Researchers have demonstrated a way to make power-efficient laser-like beams without using light. These beams, made with electrical current, reportedly use 1,000 times less power than pure light beams, and function efficiently even at room temperature.
"This is big," said Pallab Bhattacharya, lead investigator and designer of the new system. "For the past 50 years, we have relied on lasers to make coherent light and now we have something else based on a totally new principle."
According to a University of Michigan press release, this new system certainly isn't the first electrically fueled laser. The most commonly seen type of laser - the semiconductor diode - was crafted back in the early 1960s, but was limited in its use due to its low power and high energy cost.

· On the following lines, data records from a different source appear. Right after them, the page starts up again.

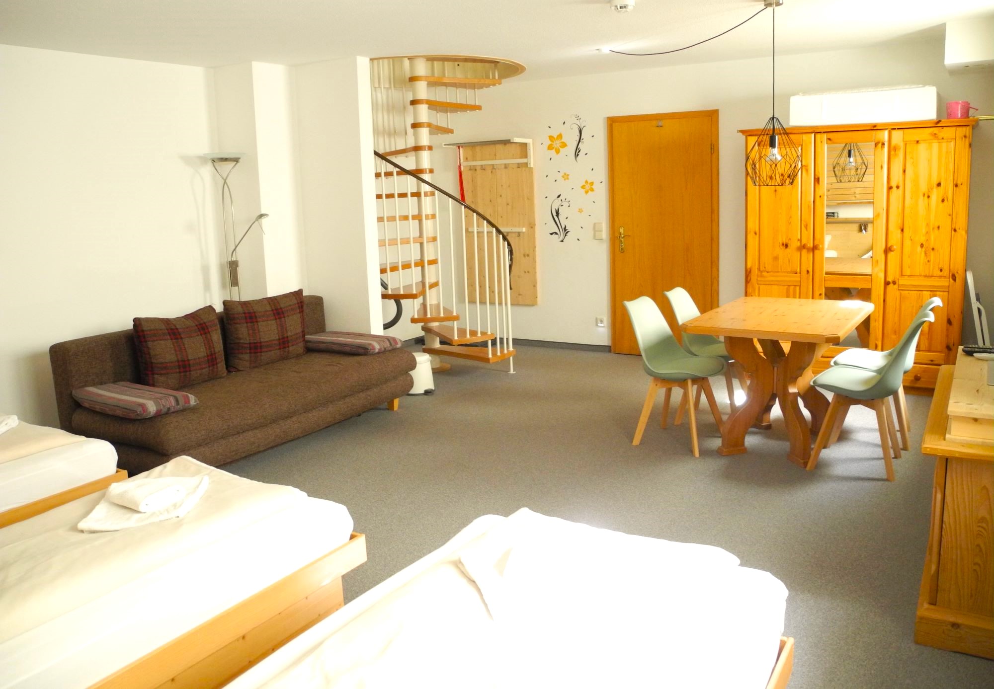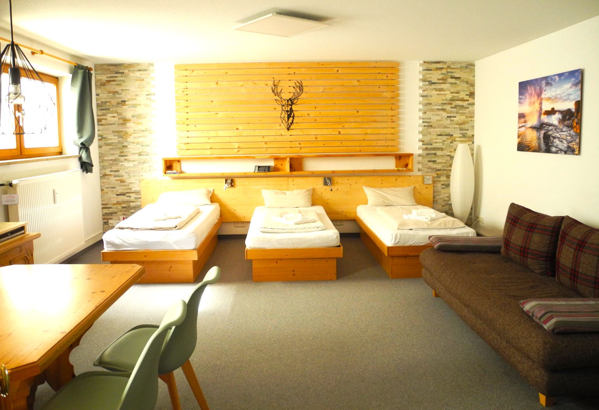 Die ruhig gelegene Ferienwohnung Bettina befindet sich in der naturnahen Siedlung Loferpark, südöstlich des Ortskerns in sonniger Lage und bietet Platz für bis zu sieben Personen. Sie verfügt über zwei Schlafzimmer und einen Wohnbereich mit Essecke. Die gemütliche, liebevoll eingerichtete Wohnung besticht durch ihre großzügige Südterrasse, die jederzeit zum Verweilen einlädt. Der hochwertig eingerichtete Essbereich ist mit einer modernen, voll ausgestatteten Küche ausgestattet. Im großzügigen Wohnzimmer lädt eine gemütliche Sitzecke zu geselligen Abenden oder zum Entspannen ein. Ein Flachbildfernseher mit Kabelanschluss und eine Stereoanlage sorgen für eine gemütliche Atmosphäre. Während das kleinere Schlafzimmer über ein Doppelbett und einen großen Kleiderschrank verfügt, ist das größere mit drei Einzelbetten und einer Schlafcouch ausgestattet. Das Badezimmer verfügt über eine Dusche und WC. Darüber hinaus stehen unseren Gästen zwei Parkplätze in der Tiefgarage zur Verfügung. Hunde sind in dieser Wohnung herzlich willkommen.
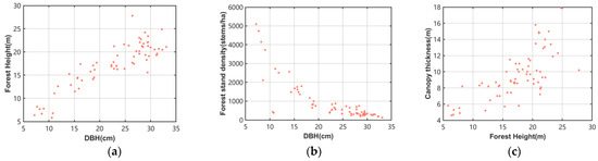 Relationship between the forest structure parameters at the plot level. (a) Mean DBH vs. mean tree height, (b) mean DBH vs. forest stand density and (c) mean tree height vs. mean canopy thickness.
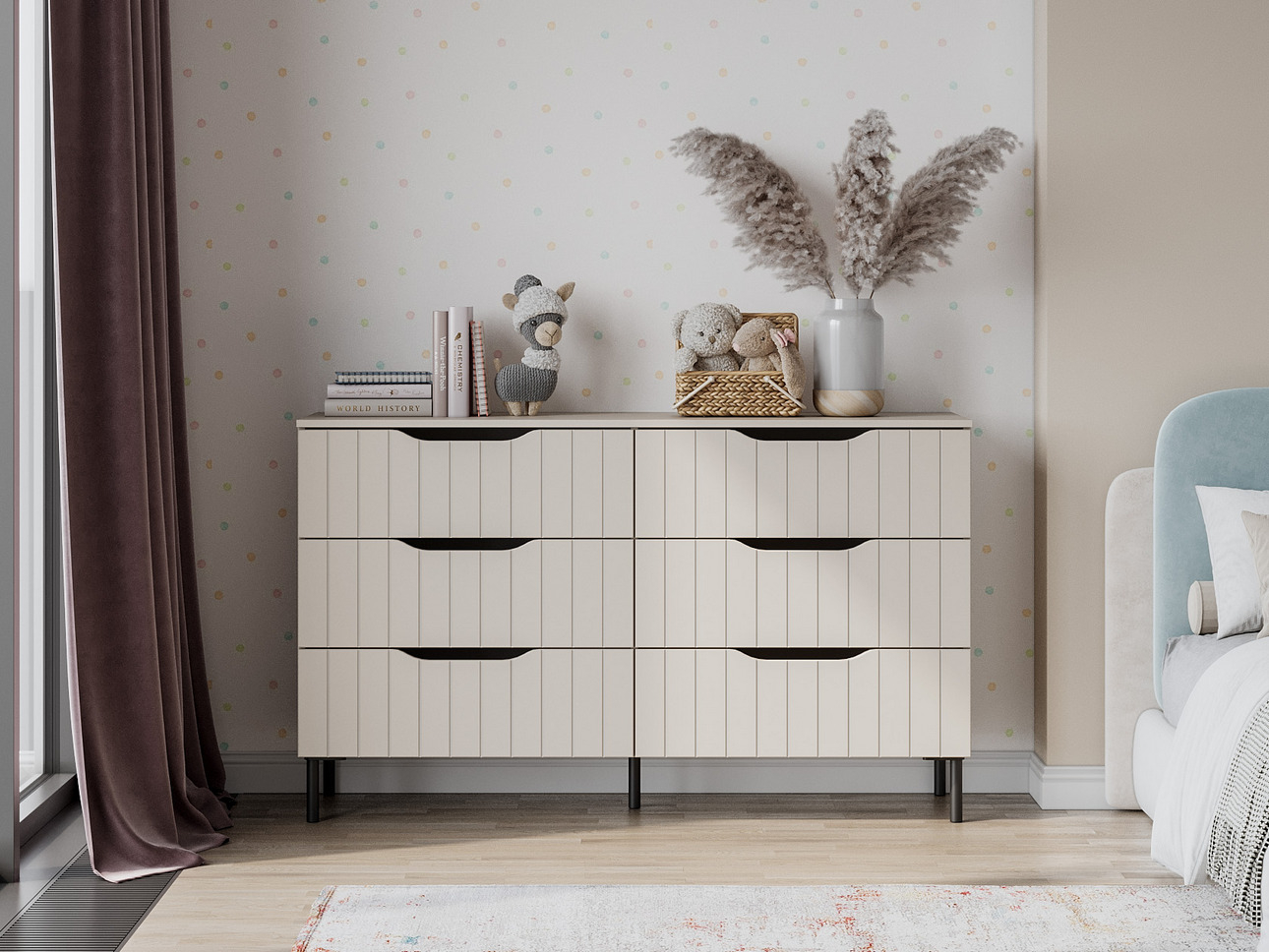 Высокие комоды стоит фиксировать к стене для устойчивости конструкции, особенно если в доме есть дети.

This is why typical "LASER" models - an acronym for Light Amplification by Stimulated Emission of Radiation - are still used in research, even though high-powered models fueled with light have to be used in a below zero environment for optimal results.

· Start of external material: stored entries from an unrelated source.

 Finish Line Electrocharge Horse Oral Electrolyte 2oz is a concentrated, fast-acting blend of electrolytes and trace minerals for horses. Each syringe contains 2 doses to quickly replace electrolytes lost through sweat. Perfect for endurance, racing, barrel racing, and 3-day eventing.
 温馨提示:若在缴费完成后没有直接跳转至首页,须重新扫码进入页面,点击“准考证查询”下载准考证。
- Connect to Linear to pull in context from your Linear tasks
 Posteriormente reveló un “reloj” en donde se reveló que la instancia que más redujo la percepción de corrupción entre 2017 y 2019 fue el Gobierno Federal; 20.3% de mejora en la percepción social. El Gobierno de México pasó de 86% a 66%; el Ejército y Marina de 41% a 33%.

However, both light and eclectically fueled beams have one drawback in common - they both cost a significant amount of power to elevate electrons to such a state that they can then release pent up light, converting a current or light into a concentrated beam.
Bhattacharya's system ignores this traditional process entirely, using "polarition" instead. According to the release, a polariton is part light and part matter - allowing researchers to harness these particles to emit intense light with minimal energy cost. In fact, the new laser reportedly uses 1,000 times less power than semiconductor diode lasers.

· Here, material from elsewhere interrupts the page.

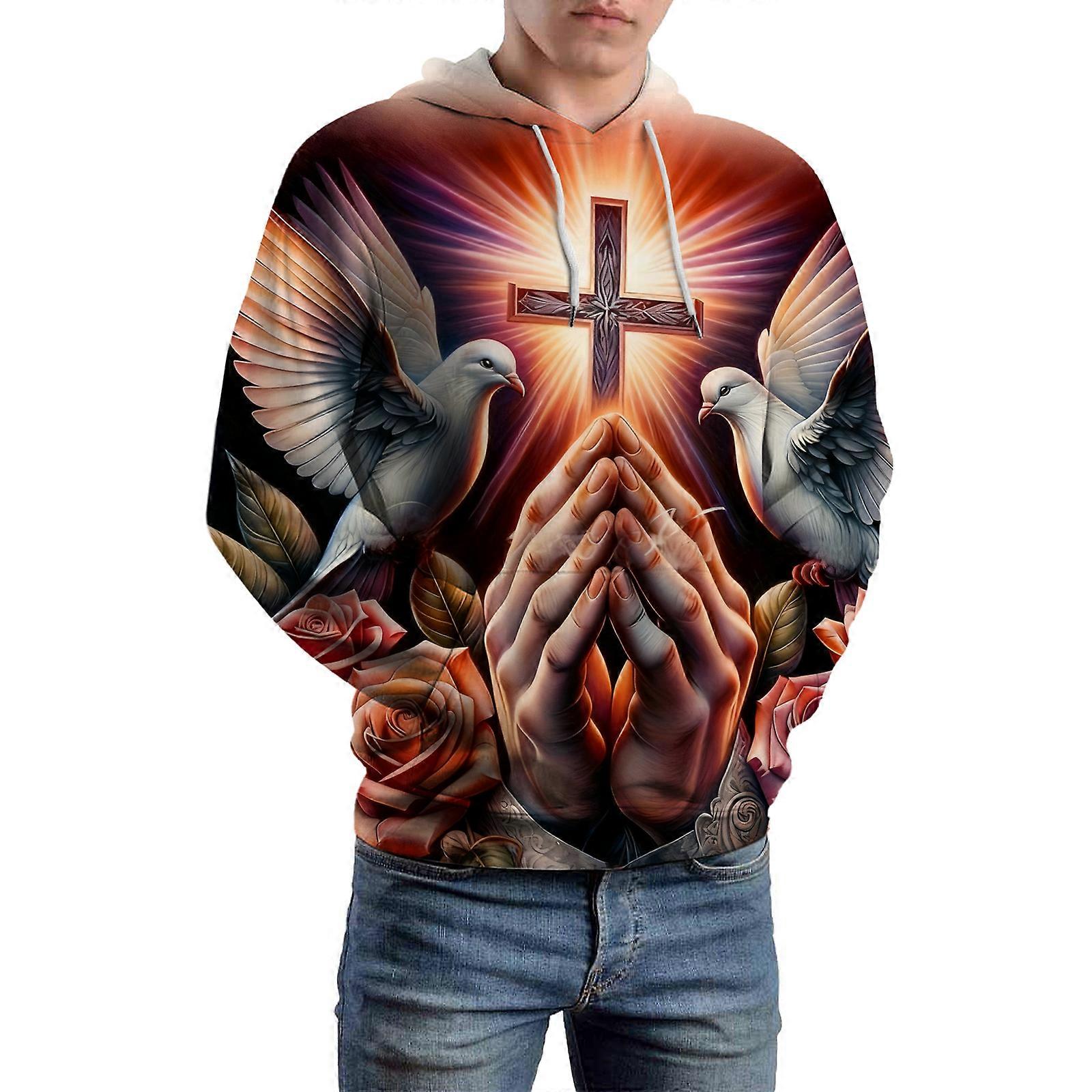 Men's Praying Hands And Cross Graphic Hoodie Soft Art Print Pullover Casual Statement Top

"We're thrilled," said Thomas Frost, an engineer who worked on the project. "This is the first really practical polariton laser that could be used on chip for real applications."
According to the researchers, low cost concentrated beams could one day be used to replace wire connections in computers, increasing the potential computer chip designs, which are currently limited by wiring and silicon.
A study detailing this accomplishment will be published online in Physical Review Letters on June 10. It is recommended that these findings be viewed as preliminary until official publication.